That last will and testament you have tucked away? It may not be the last word on what happens to your stuff after you are gone. Instead, that legal document’s directives for doling out your wealth may be overruled by other paperwork and relevant laws.
A will is a document of last resort to transfer assets. There are a lot of ways to transfer assets that would preempt the terms of a will.
Here are some major assets that often fall outside a will’s scope, along with tips for getting them to the people or organizations you want.
- Retirement accounts. When it comes to 401(k)s, IRAs and pensions, the person or people listed as beneficiaries may end up receiving those assets regardless of what your will says (though some state laws may sometimes intervene). That’s because you’ve already told your plan administrator or investment firm how to handle your asset after your death. Another problem can arise if no primary beneficiaries are alive, and no contingent beneficiaries are names.
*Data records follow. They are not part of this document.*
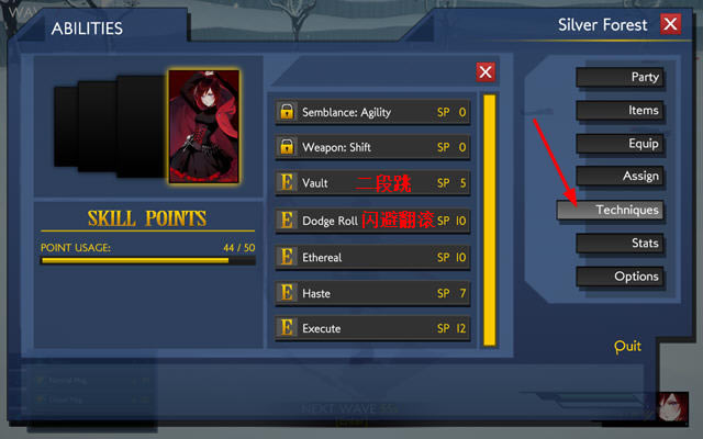 游戏一开始默认玩家是无法使用闪避的,没击退一波怪物之后将会有1分钟的时间给玩家调整装备技能等,按下ESC后,选择Techniques选项来学习二段跳以及翻滚闪避等,对你在战斗中非常有利。
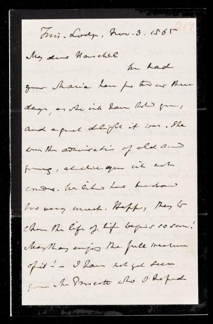 Autograph letter signed by sender. Delighted by visit from John Frederick William Herschel's daughter Maria and her new husband. Looks forward to meeting Mr. Prescott [see John Frederick William Herschel's 1865-10-22].
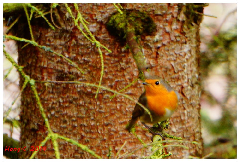 据说欧亚鸲是英国的国鸟,我却在12月里阴冷的德国拍到它。我家窗外有几棵大树,它经常在树上树下活动,我也会扔些超市里买来的鸟食喂它们。
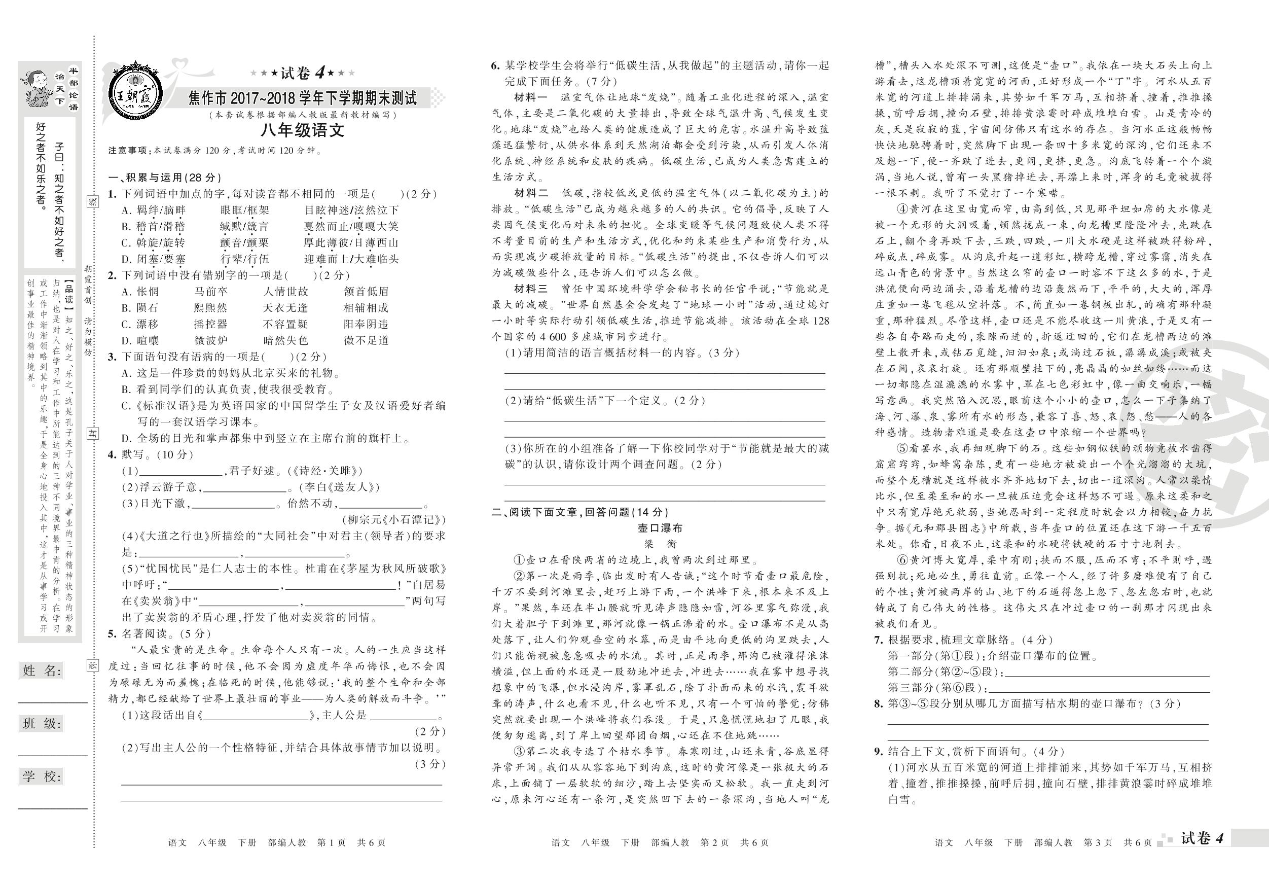 2017-2018学年第二学期焦作市八年级语文试卷(人教版)【4】
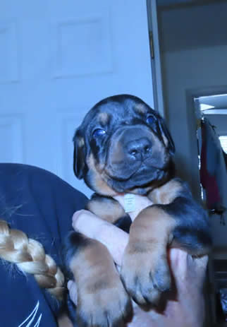 Week #4 - April 18th - May 1st -- A lot has been keeping me busy to post updates weekly. Puppies were moved from whelping box to bigger kennel den. They have their teeth, still with momma (Gabi), and are socializing more and more. I have introduced warm goat's milk and puppy formula for several days. It took a few to get but they did once they say each other loping it up. Last week of April I have introduced 1 feeding a day to start weaning process. They get roughly now 2 cups of soaked special kibbles, some shredded chicken breast meat, and my Honest Kitchen mixture. They gobble it up. Week 6 I will be weaning them more and letting Gabi have more me time. Human momma enjoys raising these pups trememdously. All puppies are reserved, except my littlest one, but he is catching up now but I am still holding him back so he can grow more. He is a hoot though. Happy little boy - Ebo. All Gabi's pups are growing every day it seems.

- Life insurance policies. As is the case with retirement accounts, a life insurance policy’s beneficiary listing, not your will, generally determines who get the money. So again, you could accidently leave a policy payout to your ex. Laws can be tricky here, so the safest strategy is to update beneficiaries on all insurance policies and investments after a divorce.
- Bank accounts. If an account is titled as transfer on death, payable on death or joint tenancy with right of survivorship, those designations generally override the will.
- Real estate. If two spouses own a home jointly with right of survivorship, the property automatically passes to the remaining spouse without a court’s involvement.
- Trusts. Any asset in a trust is not governed by a will, making trusts another tool for distributing assets outside of probate court. But after a trust is set up, you need to retitle accounts, change beneficiaries or take other measures so that each asset you want to put into the trust will actually end up there.
Follow these tips for naming beneficiaries to help asset transfers go more smoothly.
- Fill out forms completely. When listing beneficiaries, include full names, Social Security numbers and relationships to you. If you have multiple beneficiaries, specify the percentage split of your assets and make sure numbers total 100 percent.
- Use words precisely. Money goes to a primary beneficiary or beneficiaries. Only if there are no surviving primary beneficiaries do contingent beneficiaries receive funds. Don’t make the mistake of listing one child as primary and another as contingent.
- Stay current. Life events such as marriage, divorce, birth of a child or the death of a beneficiary are good reasons to review your paperwork.
- Take care of your estate. Naming it as a beneficiary instead of a person or trust (if you have one) may create unnecessary expense and hassle.
- Don’t wing it. Have a complicated financial or familial situation? Uncertain about any of the rules? Then work with an attorney. A little money spent up front can save a lot of anger and anguish after you are gone.